As I sit here writing this blog I can’t help but think about all of the teachers I have come across this half term who are struggling to teach and build positive relationships with some of the more vulnerable children in their classrooms, despite wanting to help them very much. These teachers are the inspiration for this piece.
Increasing numbers of school children are suffering from adverse circumstances at home. Maybe they live with domestic violence, maybe they have been abused, maybe their mum and dad don’t get on, maybe they have been taken away from home and placed in foster care, maybe they feel unsafe because there is no routine at home and they have no idea what time to go to bed or what time they will eat. Life for many children is often very hard. Childhood for many children isn’t what we expect it to be.

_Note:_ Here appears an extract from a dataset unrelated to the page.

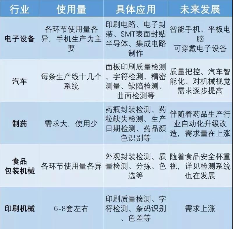 電子、汽車、冶金、食品飲料、零配件裝配及制造等行業(yè)。隨著國(guó)內(nèi)制造業(yè)的快速發(fā)展,對(duì)于產(chǎn)品檢測(cè)和質(zhì)最的要求不斷提高,各行各業(yè)對(duì)圖像和機(jī)器視覺技術(shù)的工業(yè)自動(dòng)需求將越來越大,因此機(jī)器視覺在未來制造業(yè)中將會(huì)有很大的發(fā)展空間。

The impact of traumatic experiences
Traumatic experiences impact the way in which children develop and in fact the way their brains wire together. Often they have maladaptive coping strategies that include running away, becoming very angry or withdrawing completely. They are constantly in a state of stress and their behaviour reflects this. These children are not ready to come in to school and learn. How can they be? In order to learn we must feel safe, we must be fed and have slept well. We must have calm brains that are ready to take on new information and be challenged. Children who come from homes where trauma and adversity has been a prominent factor do not have calm brains, they are not ready to take on new information and be challenged. In fact their whole purpose is to survive and that is all they are trying to do, to get through the day.
As a result, in school, we are seeing an increase in behavioural problems. Teachers are faced with children who are unable to listen, concentrate, make positive relationships, understand their impact on others…the list goes on. They are faced with children who are not ready to learn.
So how can teachers teach, If the children are not coming in to school ready to learn? There is an incongruity there.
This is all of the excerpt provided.